Dataset records
+--

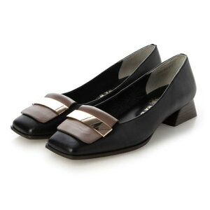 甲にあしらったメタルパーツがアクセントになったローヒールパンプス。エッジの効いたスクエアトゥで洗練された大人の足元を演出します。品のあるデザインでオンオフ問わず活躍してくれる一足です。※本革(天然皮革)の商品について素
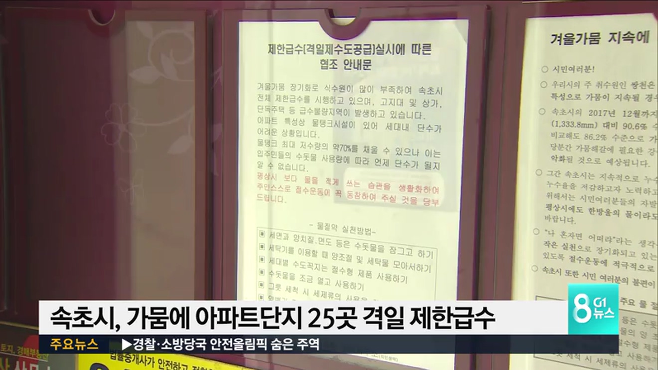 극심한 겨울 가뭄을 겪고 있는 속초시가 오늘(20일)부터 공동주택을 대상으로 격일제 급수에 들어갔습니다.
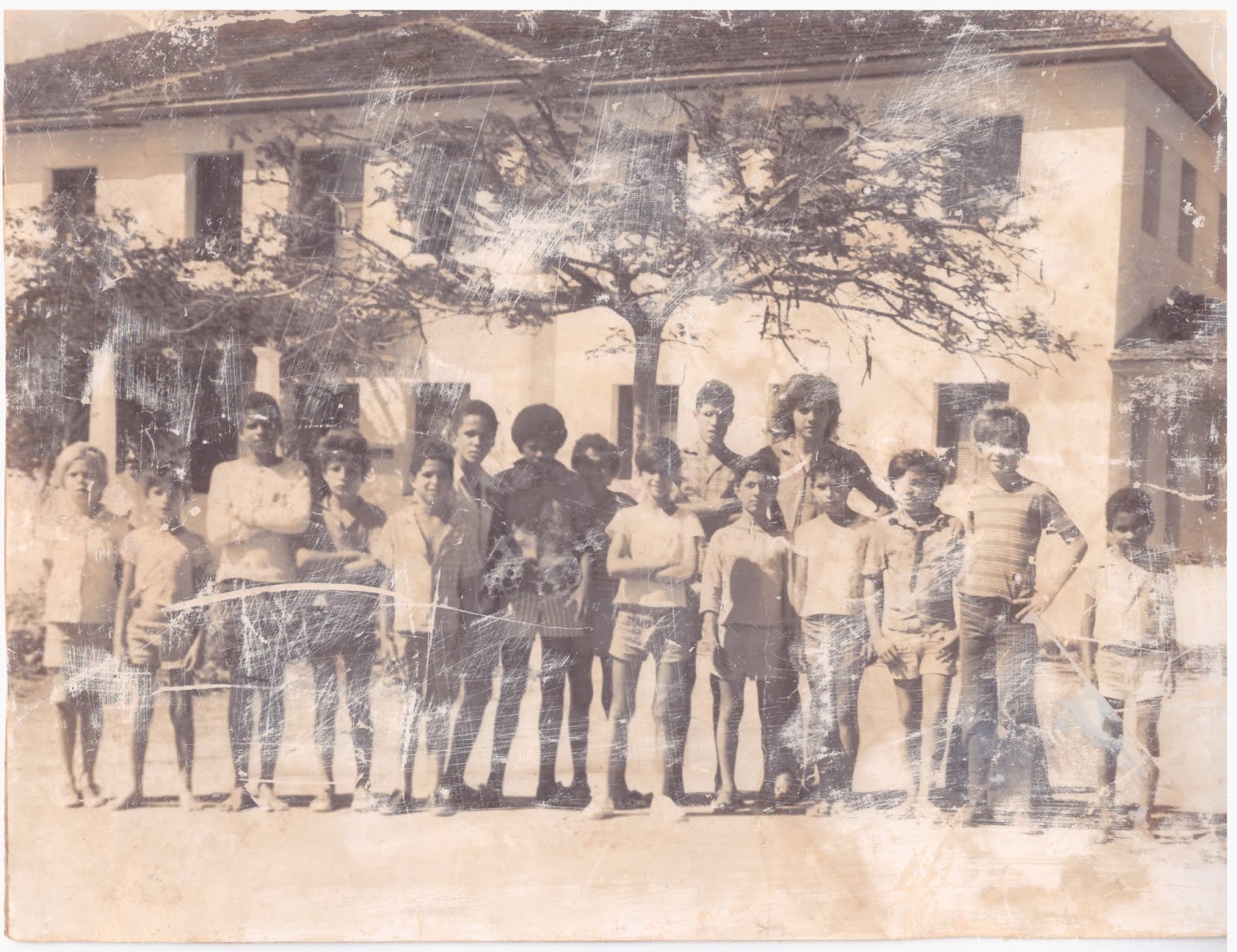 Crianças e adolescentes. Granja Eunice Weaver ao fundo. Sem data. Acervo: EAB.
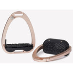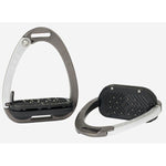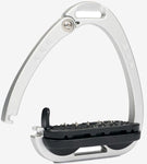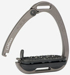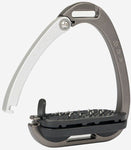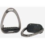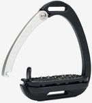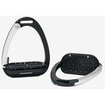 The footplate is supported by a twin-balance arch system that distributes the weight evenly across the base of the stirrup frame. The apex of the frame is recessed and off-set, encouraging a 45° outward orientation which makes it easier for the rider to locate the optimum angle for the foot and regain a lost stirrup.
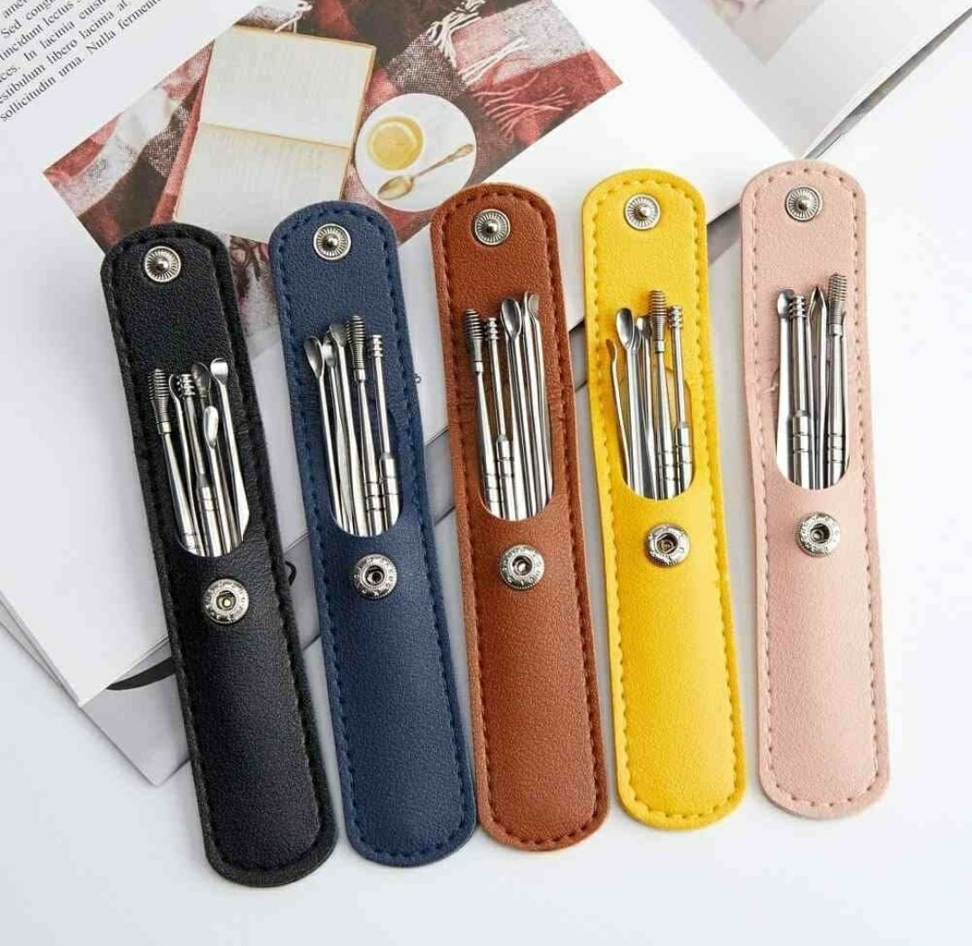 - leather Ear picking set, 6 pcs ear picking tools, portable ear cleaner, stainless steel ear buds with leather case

+--

→ **Aim of the task**
Please reproduce every entry above exactly, but leave out the pictures.

→ **Solution below**
 甲にあしらったメタルパーツがアクセントになったローヒールパンプス。エッジの効いたスクエアトゥで洗練された大人の足元を演出します。品のあるデザインでオンオフ問わず活躍してくれる一足です。※本革(天然皮革)の商品について素
 극심한 겨울 가뭄을 겪고 있는 속초시가 오늘(20일)부터 공동주택을 대상으로 격일제 급수에 들어갔습니다.
 Crianças e adolescentes. Granja Eunice Weaver ao fundo. Sem data. Acervo: EAB.
 The footplate is supported by a twin-balance arch system that distributes the weight evenly across the base of the stirrup frame. The apex of the frame is recessed and off-set, encouraging a 45° outward orientation which makes it easier for the rider to locate the optimum angle for the foot and regain a lost stirrup.
 - leather Ear picking set, 6 pcs ear picking tools, portable ear cleaner, stainless steel ear buds with leather case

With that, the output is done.